В самом деле, смерть принимается за конечную истину всех истин тогда, когда человек мерит все на свете замкнутой одиночностью своей собственной жизни. Человечество знает, однако, и совсем иные измерения: мудростью тех, кто спаян со своим родом, племенем, страной, с общим делом или призванием, издавна был взгляд на все сущее из бесконечности Жизни, в которой смерть, как гибель библейского зерна, – момент трагический, но включенный в круговорот вечного умирания и воскресения.
«Смыслоутрата», выведенная «посторонним» у Камю из смертности всех живущих, следовательно, сама по себе исторична. Она есть домашний дух внушившего ее общества, его исчадие, его философический ангел-хранитель и бес одновременно. Посягая на выпотрошенные установления окружающего мироуклада, Камю, подобно раннему Мальро с его самоутверждающимися через дело «завоевателями», сохраняет в неприкосновенности нравственную начинку этого уклада, где других – ближних и дальних – склонны во внимание не принимать, точнее рассматривать не как личностей, а исключительно орудийно: как помеху или помощь при удовлетворении своей потребности. В конце концов судьи «чужака», прихлопнувшего случайного встречного так, будто это назойливая муха, и в самом деле преувеличивают, усмотрев в неосторожном нарушителе ритуала заклятого врага – вот уж, что называется, у страха глаза велики. Ведь он – ягода с возделанной ими грядки.

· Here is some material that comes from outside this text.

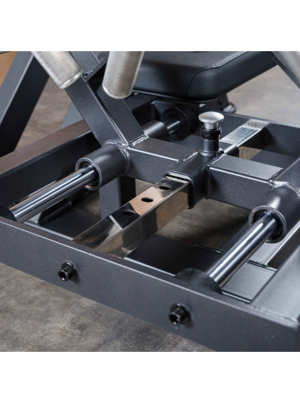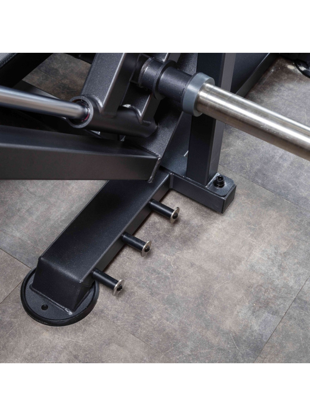 A619 Отведение ноги назад 0 отзывов 194973р. Оптовая цена: 155978р. для покупки по оптовой цене свяжитесь с нами по телефону Производитель: DHZ Наличие: Предзаказ Модель: 59c9f697-936b-11f0-bacd-00155d019509 Одежда Обувь Как выбрать одежду своего размера? Купить Купить в один клик Скидки постоянным клиентам! Гарантия качества всех товаров магазина! Описание Отзывов (0) Профессиональный тренажёр для коммерческого использования A619 Отведение ноги назад предназначен для изолированной проработки большой, средней и малой ягодичных мышц, а также задней поверхности бедра. Конструкция с регулируемым углом наклона и амплитудой движения обеспечивает точную биомеханику упражнения, вариативность нагрузки и высокий уровень комфорта. Основание тренажёра выполнено из стального прямоугольного профиля 100?50 мм с толщиной стенки 3 мм. В конструкции также применены элементы из профильной трубы 80?50 мм и 50?50 мм толщиной 3 мм. Все детали изготавливаются на высокоточном лазерном оборудовании с ЧПУ, что обеспечивает точную геометрию и стабильность конструкции. Несущие узлы соединены методом роботизированной сварки, исключающим перекосы и повышающим эксплуатационную надёжность. На металлические элементы после антикоррозийной обработки нанесено двухслойное порошковое напыление в электростатическом поле для обеспечения прочности покрытия и устойчивости к истиранию. Цветовое исполнение: графит (возможна индивидуальная окраска под проект). Нагрузка: свободные веса. В правой части конструкции расположена рама, внутри которой установлены две направляющие из нержавеющей стали длиной 1180 мм. По ним перемещается подвижный рычаг, обеспечивая плавность и стабильность движения. На одном конце рычага установлен накопитель для свободных весов длиной 270 мм и диаметром 45 мм, рассчитанный на диски с посадочным отверстием 50 мм. На торце накопителя установлена пластиковая заглушка. В основании накопителя предусмотрен демпфер для защиты покрытия рамы от механических повреждений и амортизации при установке весов. Противоположный конец рычага оснащён рабочим упором (рычагом толкания) из круглой стальной трубы длиной 510 мм и диаметром 75 мм. Элемент покрыт порошковой краской и регулируется по дугообразной траектории в шести фиксированных положениях при помощи механического фиксатора. Направляющая рама, по которой движется рычаг, регулируется по углу наклона в трёх положениях при помощи механического фиксатора с системой газлифт. Газлифт облегчает подъём узла и обеспечивает плавную смену положения. Угол наклона регулируется от почти вертикального (для выполнения движения, аналогичного подъёму ноги вверх) до диагональных положений, имитирующих классическое движение в глют-машине. В верхней части рамы установлен демпфер, ограничивающий ход рычага и амортизирующий в верхней точке движения. Для регулировки наклона на раме предусмотрена металлическая рукоять длиной 365 мм и диаметром 30 мм с ромбовидной накаткой для удобного хвата. В нижней части основания тренажера размещены три фиксатора для установки эспандеров, соответствующих трём положениям угла наклона. Фиксаторы выполнены из металлического стержня длиной 100 мм с торцевой упорной пластиной, предотвращающей соскальзывание эспандеров при растяжении. Рабочая зона тренажёра состоит из двух горизонтальных прямоугольных

Без сомнения, у Камю предостаточно яростного остроумия в развенчании казенной мертвечины, с тупым упорством давящей живую жизнь. Ему не занимать ни искренности, ни исполненной серьезности тяги ко всему, что восстает против подделок и не ведает пугливого самооскопления. Все это побуждает прислушаться к прозвучавшему в «Постороннем» вовсе не праздному беспокойству по поводу оскудения гражданственности, промотавшей свою душу и полагающей, что она тем успешнее повергает в священный трепет и обеспечивает здоровую нравственность, чем сильнее сотрясает воздух, бряцая затверженными прописями.
Камю помышлял, однако, о гораздо большем, чем просто сигнал тревоги. Конечно, Мерсо для него еще не мудрец, постигший все секреты праведной жизни. Но все-таки уже послушник, находящийся в преддверии благодати – по словам самого Камю, обладатель «правды, правды быть и чувствовать, пусть пока что негативной, однако такой, без которой никакое овладение самим собой и миром вообще невозможно». Из повести исподволь вытекал ненавязчивый совет не пренебречь откровениями предсмертного часа.

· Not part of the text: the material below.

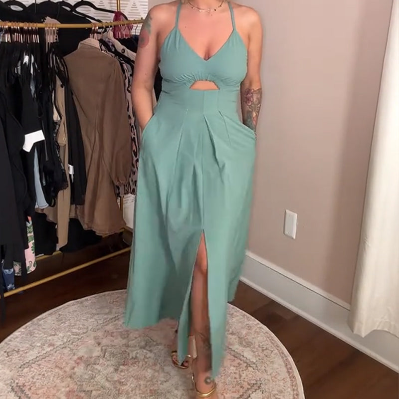 Robe longue à fines bretelles avec découpe frontale pour femmes

Но увы, заверения «постороннего», причастившегося сиюминутных яств земных, не очень-то убеждали: этому мешала гильотина впереди, да и труп жертвы позади. Камю слишком легко принимал и выдавал за правдоискательство мифы душеспасения через побег в окраинные скиты жизни сугубо телесной, бездушно-непосредственной, мастерски перелагая бытующие вокруг толки о суете сует, об очистке от скверны ненатурального и омовения в прозрачных водах естества. И в своей поглощенности столь прельщавшим его «телесным раскольничеством» не замечал, что вся эта расхожая мыслительная монета подсунута ему тем самым строем жизни, против которого он ополчался. Презрительное «нет», брошенное Камю порядкам, которые покрывают свою опустошенность ветхими лохмотьями словес, и сами-то в них как следует не веря, с лихвой заслужено. Однако правда разобществления и добровольного робинзонства, чьим подвижником сделан «посторонний», выглядит небезопасным томлением не просто блудных, но и заплутавших детей самодовольной охранительной добропорядочности, опьяненных и сбитых с толку своим бунтовщическим отпадением от отчей опеки.